Recently, I've been feeling that the world is becoming increasingly science fiction-like. Three months ago, I thought GPT was just a sensational headline on self-media, merely a probabilistic model that could converse with humans. But in the past month, I've delved into GPT's capabilities and have been repeatedly amazed by its abilities. However, its intelligence in many areas is quite superficial, making me feel that its value is still limited. Therefore, in my applications, I position GPT as a secretary that can help with document organization or enhance my thinking depth and breadth through some simple questions and challenges.
A recent event changed my perspective. Due to product needs, I had to create a text editor that interacts not through keyboard input but through direct natural language dialogue. For example, users can say, "Insert 'What a lovely day today' after the third line," or "Replace the content of the sixth line with 'What a lovely day today'," and it will do so. The core challenge of this text editor is not editing text but translating human natural language into machine-understandable language. This is similar to translating English to Chinese and requires deep machine learning knowledge. Three months ago, with my limited NLP experience, I would have used a BERT-based machine translation model, generated a lot of training data, fine-tuned it on expensive GPUs, and finally deployed it to a production environment. This process requires not only machine learning experience but also practical engineering experience, as BERT is a large model and runs slowly. To avoid making users wait, we would need to perform complex engineering optimizations such as distillation and quantization. The whole process could easily take a week.
However, GPT has revolutionized all of this. Now, we don't need any machine learning experience; we only need to call OpenAI's API and know how to talk to GPT. Specifically, we need to describe the task to GPT. My prompt to it was something like this: "Please read the following text, classify it into one of the three situations below, and output the corresponding JSON. In the first situation, the text intends to exit draft mode, so you need to set the 'intent' field to 'exit.' In the second situation, the user wants to append a phrase to the end of a certain line, so you need to set 'intent' to 'append,' 'content' to the phrase, and 'line' to the line number. In the third situation, if the user wants to change a certain line to their desired content, you need to set 'intent' to 'modify,' 'content' to the modified content, and 'line' to the line number." I then provided some examples, and it was able to output perfectly! What used to take a week can now be done in just ten minutes, an acceleration of 100 or even 1,000 times. More importantly, GPT not only simplifies the development process and improves efficiency but also lowers the entry barrier. Previously, it might have taken someone with a master's or doctoral degree and extensive engineering experience to get a model running within a week. But now, anyone, even a middle school student, who can describe the problem and knows how to use JSON format can implement this function by speaking with GPT in natural language, even not necessarily in English.

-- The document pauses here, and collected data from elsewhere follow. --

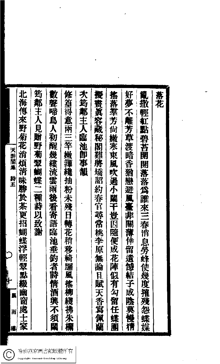 | Appears in: Tian you ge ji: 5 juan, shi bu: 1 juan (by Gu Taiqing, Qing dynasty) |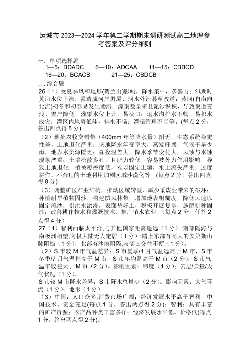 山西省运城市高2025届第二学期期末调研测试地理答案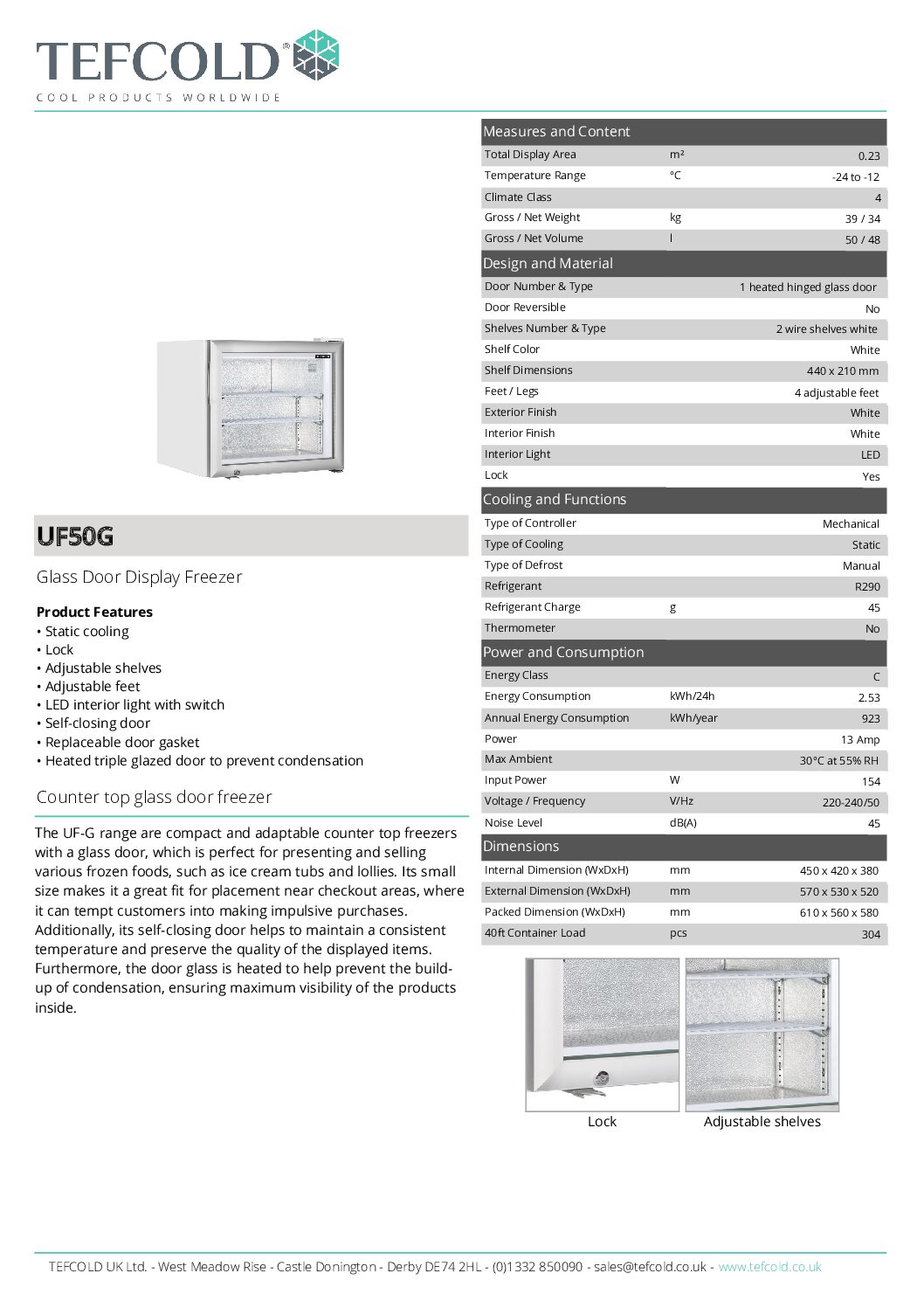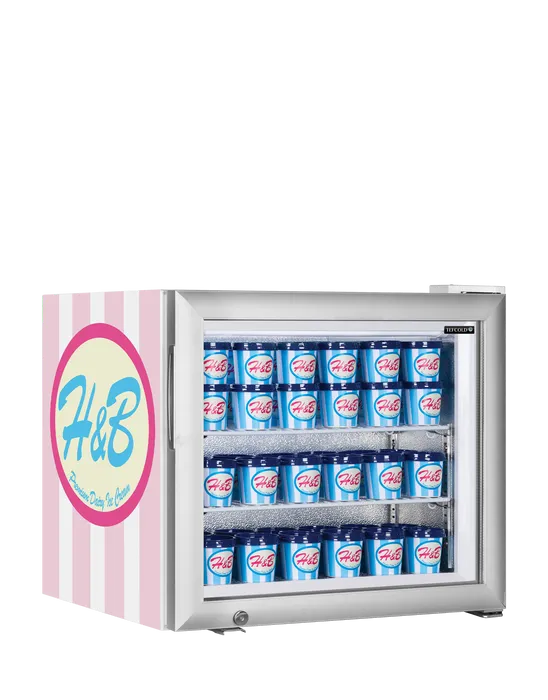 Tefcold UF50G Countertop White Glass Door Display Freezer, 50L is part of the UF-G range of compact and adaptable counter top freezers with a glass door, which is perfect for presenting and selling various frozen foods, such as ice cream tubs and lollies. Its small size makes it a great fit for placement near checkout areas, where it can tempt customers into making impulsive purchases. Additionally, its self-closing door helps to maintain a consistent temperature and preserve the quality of the displayed items. Furthermore, the door glass is heated to help prevent the build-up of condensation, ensuring maximum visibility of the products inside.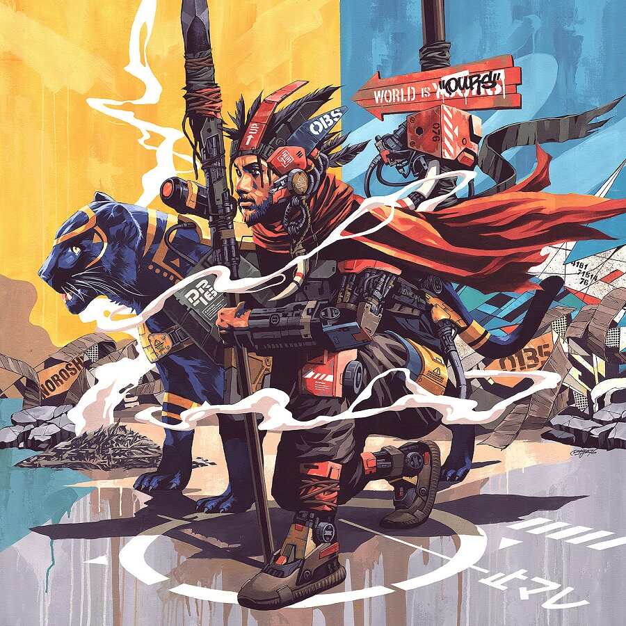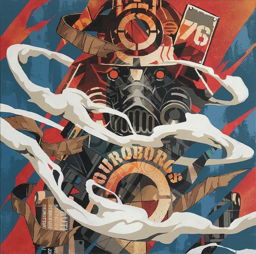 His intricate and complex style is rooted in a combination of Graffiti, Manga and Ukiyo-e. The landscapes and figures are defined by black shadows, mimicking traditional block printing, and are superimposed upon textured layers of vibrant colour, creating a striking effect. His work connects to the soul of the viewer with a touch that is passionate and full of vitality, rooted in his street art past. Like all of the featured artists, DRAGON76’s style is constantly evolving, producing work that focus on the coexistence of conflicting things, such as past and future, stillness and movement, justice and evil, and this show is no exception.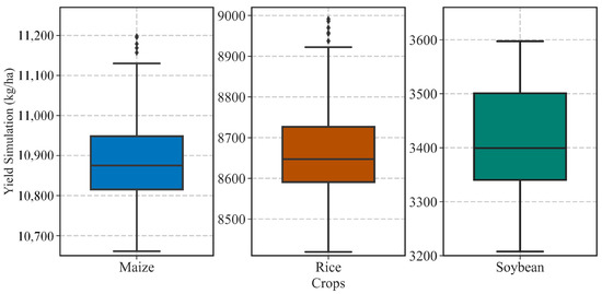 Distribution of the predicted yields (yield simulations on the y-axis) of maize, rice, and soybean calculated by the FDM.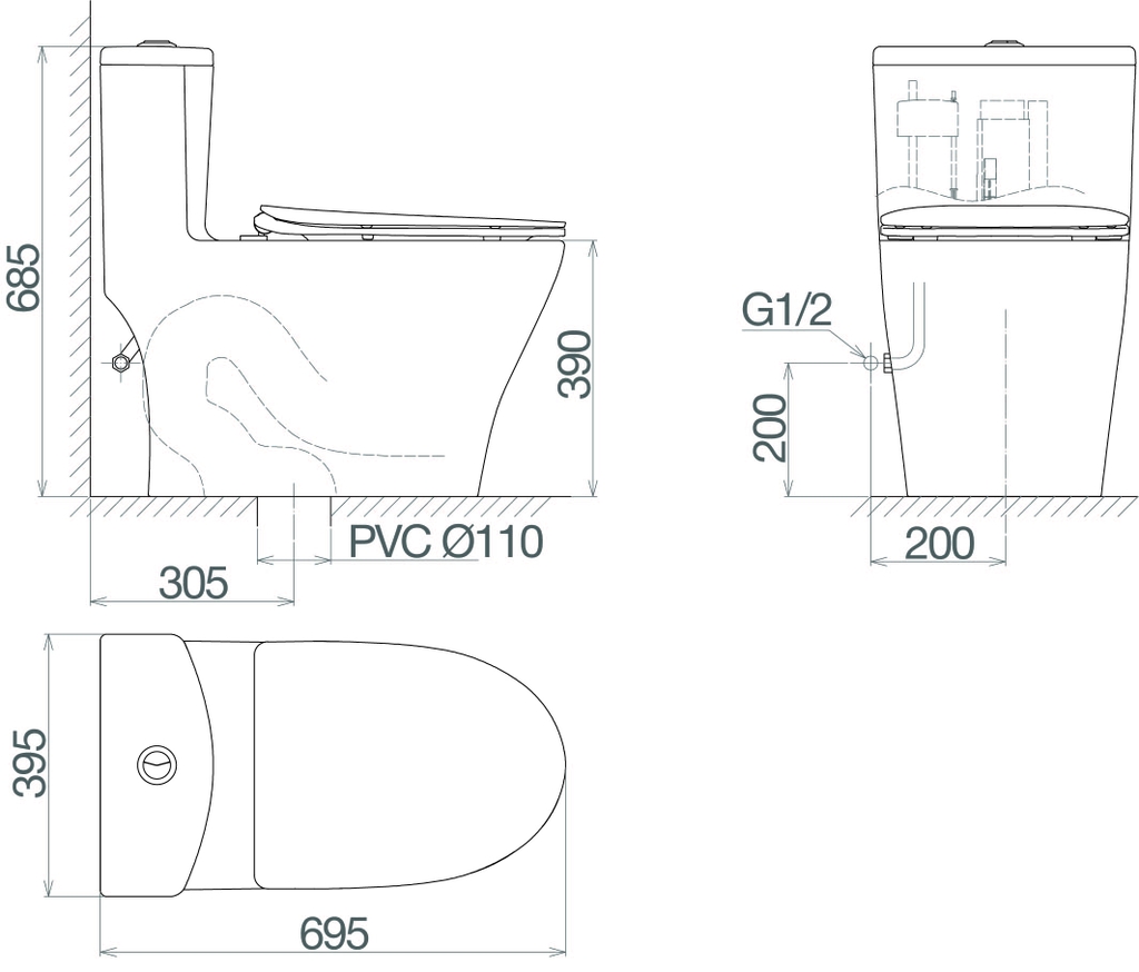 Xả xoáy mạnh mẽ, tiết kiệm nước và giảm tiếng ồn.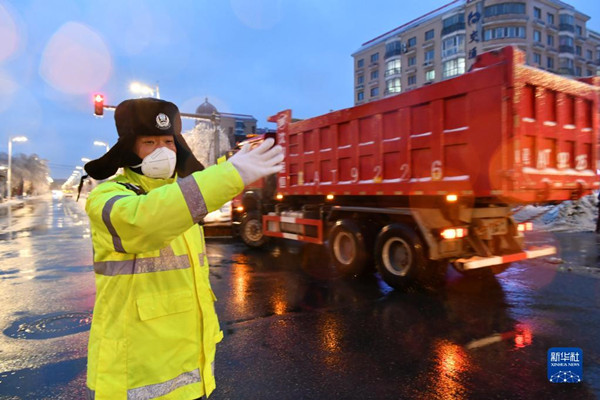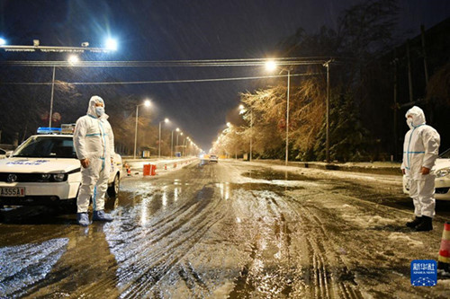 當(dāng)日,冰城哈爾濱迎來(lái)降雪、凍雨、大風(fēng)降溫天氣的“合圍”。在哈爾濱市平房區(qū),那些在低溫之下堅(jiān)守戶外的“疫”線工作者頂寒風(fēng)冒雨雪,筑牢疫情防控的安全屏障。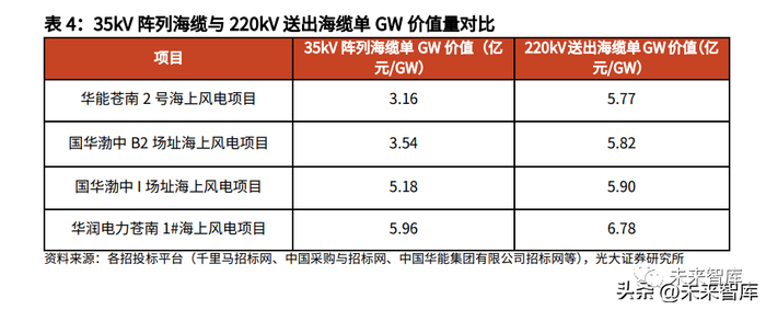 在阵列海缆方面:一方面,随着阵列海缆从 35kV 向 66kV 发展,阵列海缆能够 连接的风机数量增加,因此同样数量的风机所需要的阵列海缆减少;另一方面, 随着风机大型化发展,同样容量的风电场所设置的风机数量减少,阵列海缆需要 连接的风机数量也随之减少。在送出海缆方面:随着海上风电向深远海发展,离岸距离也随之增大,因此需要 长度更长的送出海缆将电能从海上升压站输送至陆上交流电网。海上风电场送出 海缆需求量呈上升趋势。在以上两个发展趋势的共同作用下,在海上风电场所用的所有海缆中,送出海缆 的比例将逐渐提升。根据海缆中标信息,同一风电场送出海缆的单 GW 价值量要 高于阵列海缆的单 GW 价值量,因此海缆整体平均单 GW 价值量有望提升。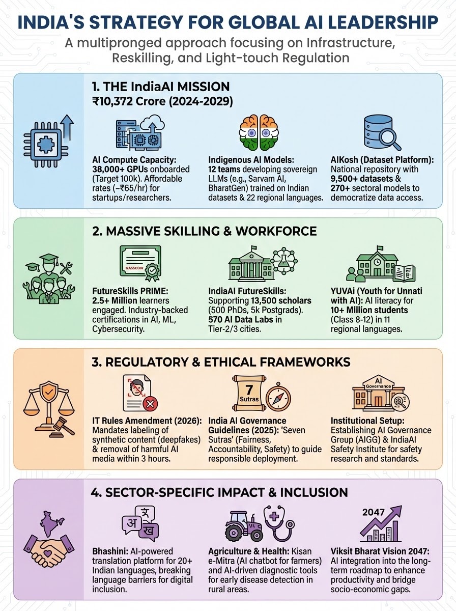 Viksit Bharat Vision 2047: AI is integrated into the national long-term roadmap to enhance productivity and bridge socio-economic gaps.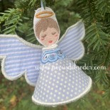 Ce motif est un motif "tout dans le cadre" ou ITH (in the hoop) et vous permettra de réaliser des petits anges pour votre décoration de Noël à suspendre. Vous pouvez les personnaliser avec un prénom. Ils peuvent aussi servir de marque-place pour une table de Noël ou à l'occasion d'un baptême.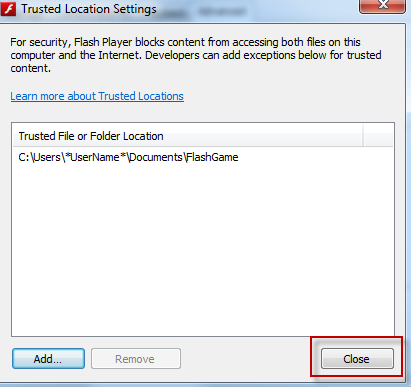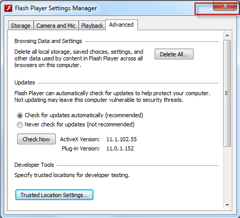 7) Close the Flash Player Settings Manager dialog box by clicking the white X in the red box (top right)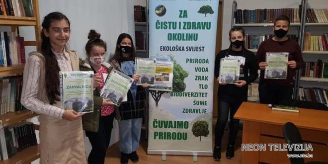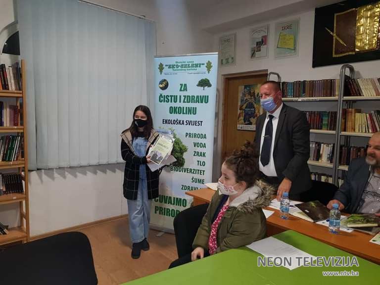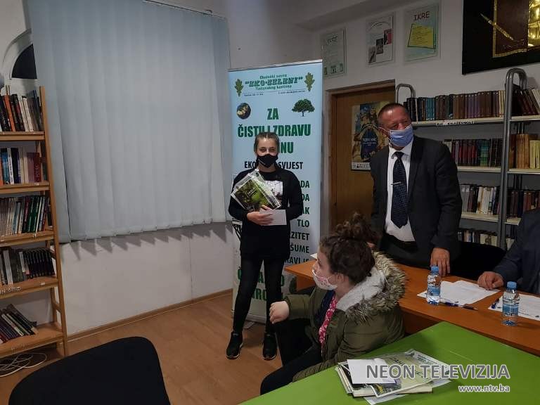 U prostorijama kalesijske biblioteke zahvalnice, novčane nagrade, knjige i edukativni materijal pobjednicima natječaja uručio je prof. dr. Muhamed Omerović, predsjednik EKO – ZELENIH TK.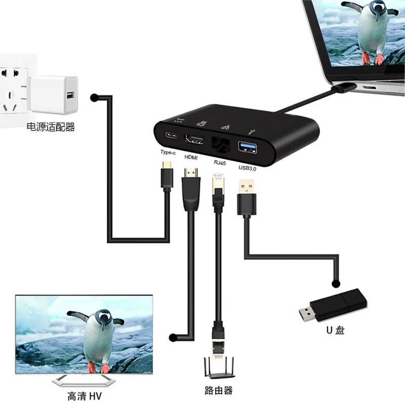 Acheter Meilleur Basix usb 3.1 type c hub hdmi ethernet RJ45 + USB3.0 + type c pd charge Gigabit Ethnernet usb c moyeu à hdmi adaptateur multiport Pas Cher En Ligne.

But it doesn't end there. The thing we use to talk to GPT is called a prompt, and finding the right prompt is a skill in itself. In my case, I described it as a classification problem selecting one of the three situations and asked it to output in JSON format while providing some practical examples. These are some practical techniques to maximize the chances of getting the desired result. These techniques need to be learned gradually in daily work. Therefore, prompt engineering is still a skill that cannot be easily replaced.
An interesting perspective is the idea of a "cyber nesting doll": since GPT can help you write code and develop models, why not let GPT help with prompt engineering as well? Recently, I've been trying out GitHub's Copilot service, a GPT-based intelligent auto-completion service that guesses what you want to do based on your current code and automatically completes large chunks of code and comments. In my case, my prompt is essentially a string, so it doesn't have a code structure and is purely natural language. But when I started typing the second point, "Modify a previous line," Copilot completed the entire content for me, and I just pressed the tab key to accept its suggestion.
Then, when I typed "3." for the third point, it completed that as well. This is quite terrifying, as it means my hard-earned prompt engineering skills are now rendered obsolete. GPT not only replaces my need to develop models but also my need to do prompt engineering. So, the real human contribution here is just spell out the first sentence and then pressing the tab key. Even the subsequent examples can be fully completed by GPT. The entire model took me only two minutes from start to finish. Why two minutes and not one? Because I made a mistake in the examples by using single quotes instead of double quotes in the JSON, causing the output to be unparseable by Python, making me the weak link. If we only count pressing the tab key, it actually took just one minute from start to finish. This increases the speed and efficiency tenfold and further lowers the barrier to entry.
In summary, this is a truly astonishing development because it not only increases efficiency by hundreds or thousands of times but also lowers the barriers to entry by the same magnitude. From a positive perspective, human time and energy can be greatly liberated, allowing us to focus on leisure or genuinely creative endeavors. However, from another perspective, this also means that humans may become even more competitive, as it's unclear whether there will be enough positions in the future for so many people to do these tasks.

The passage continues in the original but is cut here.